[Exercise brief]: Only the lines from the one containing "中國石油天然氣股份有限公司西" through the last line of the data below belong in your answer, copied exactly and without pictures.

Recorded data
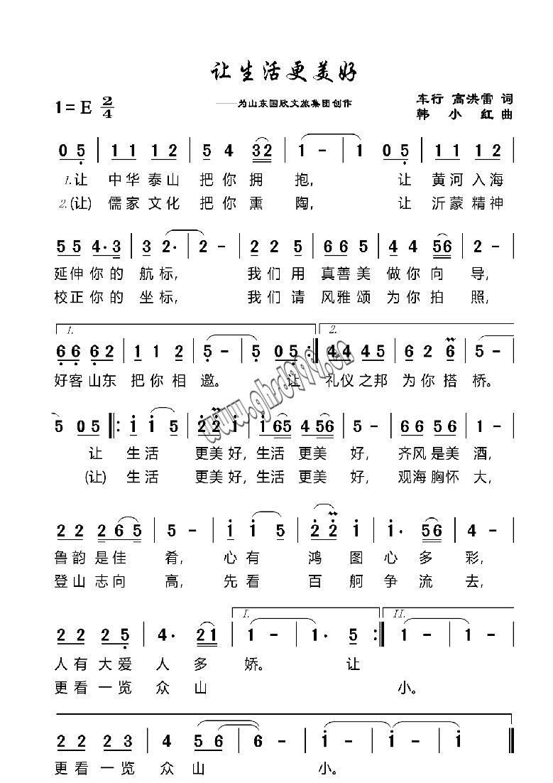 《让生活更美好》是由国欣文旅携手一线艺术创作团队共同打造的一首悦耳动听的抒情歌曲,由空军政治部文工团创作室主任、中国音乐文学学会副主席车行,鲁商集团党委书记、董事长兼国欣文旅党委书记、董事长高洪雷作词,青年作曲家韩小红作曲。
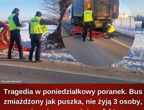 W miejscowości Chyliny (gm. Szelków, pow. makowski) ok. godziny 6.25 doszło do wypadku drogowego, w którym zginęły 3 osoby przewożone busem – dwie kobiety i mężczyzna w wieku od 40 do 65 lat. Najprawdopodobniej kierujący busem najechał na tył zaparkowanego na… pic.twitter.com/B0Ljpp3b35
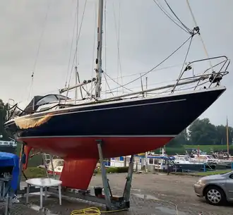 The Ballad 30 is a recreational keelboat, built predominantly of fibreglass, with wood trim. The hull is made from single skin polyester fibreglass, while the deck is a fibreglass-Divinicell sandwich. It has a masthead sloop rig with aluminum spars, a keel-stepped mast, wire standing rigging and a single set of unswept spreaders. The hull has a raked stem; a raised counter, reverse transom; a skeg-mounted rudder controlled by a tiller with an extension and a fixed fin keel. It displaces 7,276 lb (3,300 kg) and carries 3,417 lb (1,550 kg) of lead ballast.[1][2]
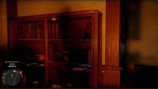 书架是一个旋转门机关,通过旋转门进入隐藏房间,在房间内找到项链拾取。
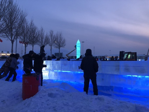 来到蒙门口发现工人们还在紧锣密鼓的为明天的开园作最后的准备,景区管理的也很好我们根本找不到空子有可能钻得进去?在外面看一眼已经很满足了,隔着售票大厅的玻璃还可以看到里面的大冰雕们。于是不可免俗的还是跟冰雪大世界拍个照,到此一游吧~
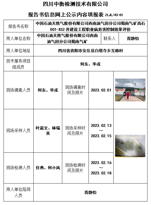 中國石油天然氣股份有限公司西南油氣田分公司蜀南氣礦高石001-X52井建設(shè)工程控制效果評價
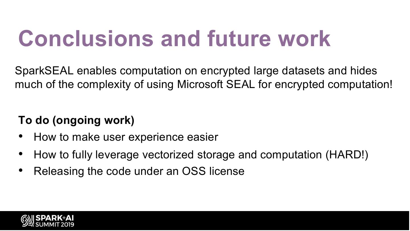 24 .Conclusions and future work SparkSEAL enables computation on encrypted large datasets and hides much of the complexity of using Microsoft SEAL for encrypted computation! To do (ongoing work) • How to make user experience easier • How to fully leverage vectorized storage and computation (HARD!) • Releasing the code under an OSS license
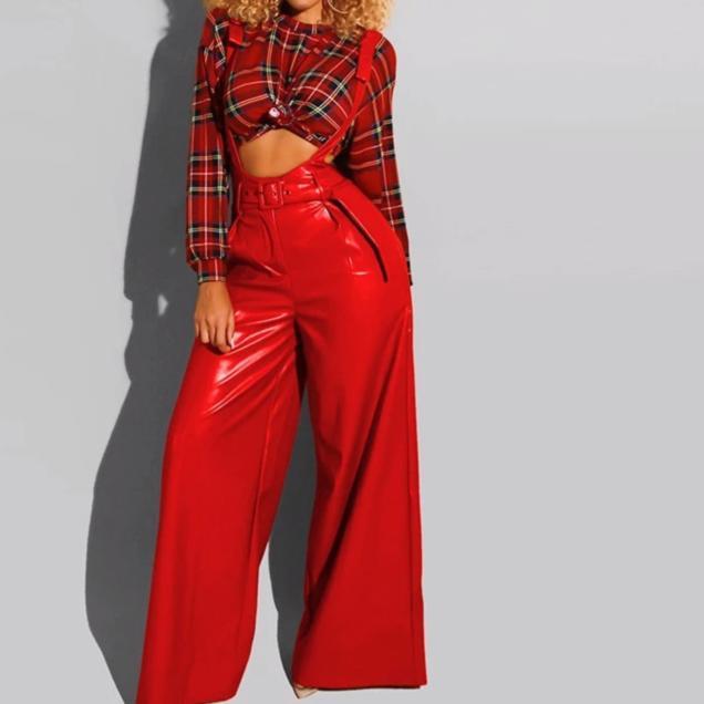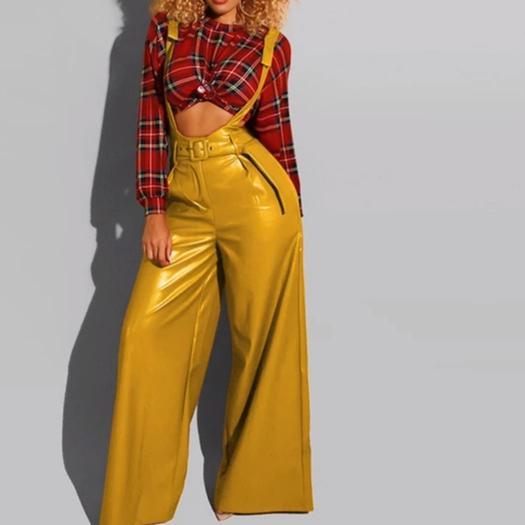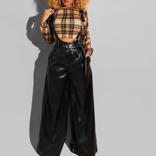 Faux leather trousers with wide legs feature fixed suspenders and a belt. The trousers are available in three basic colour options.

[Solution to this problem]:
 中國石油天然氣股份有限公司西南油氣田分公司蜀南氣礦高石001-X52井建設(shè)工程控制效果評價
 24 .Conclusions and future work SparkSEAL enables computation on encrypted large datasets and hides much of the complexity of using Microsoft SEAL for encrypted computation! To do (ongoing work) • How to make user experience easier • How to fully leverage vectorized storage and computation (HARD!) • Releasing the code under an OSS license
 Faux leather trousers with wide legs feature fixed suspenders and a belt. The trousers are available in three basic colour options.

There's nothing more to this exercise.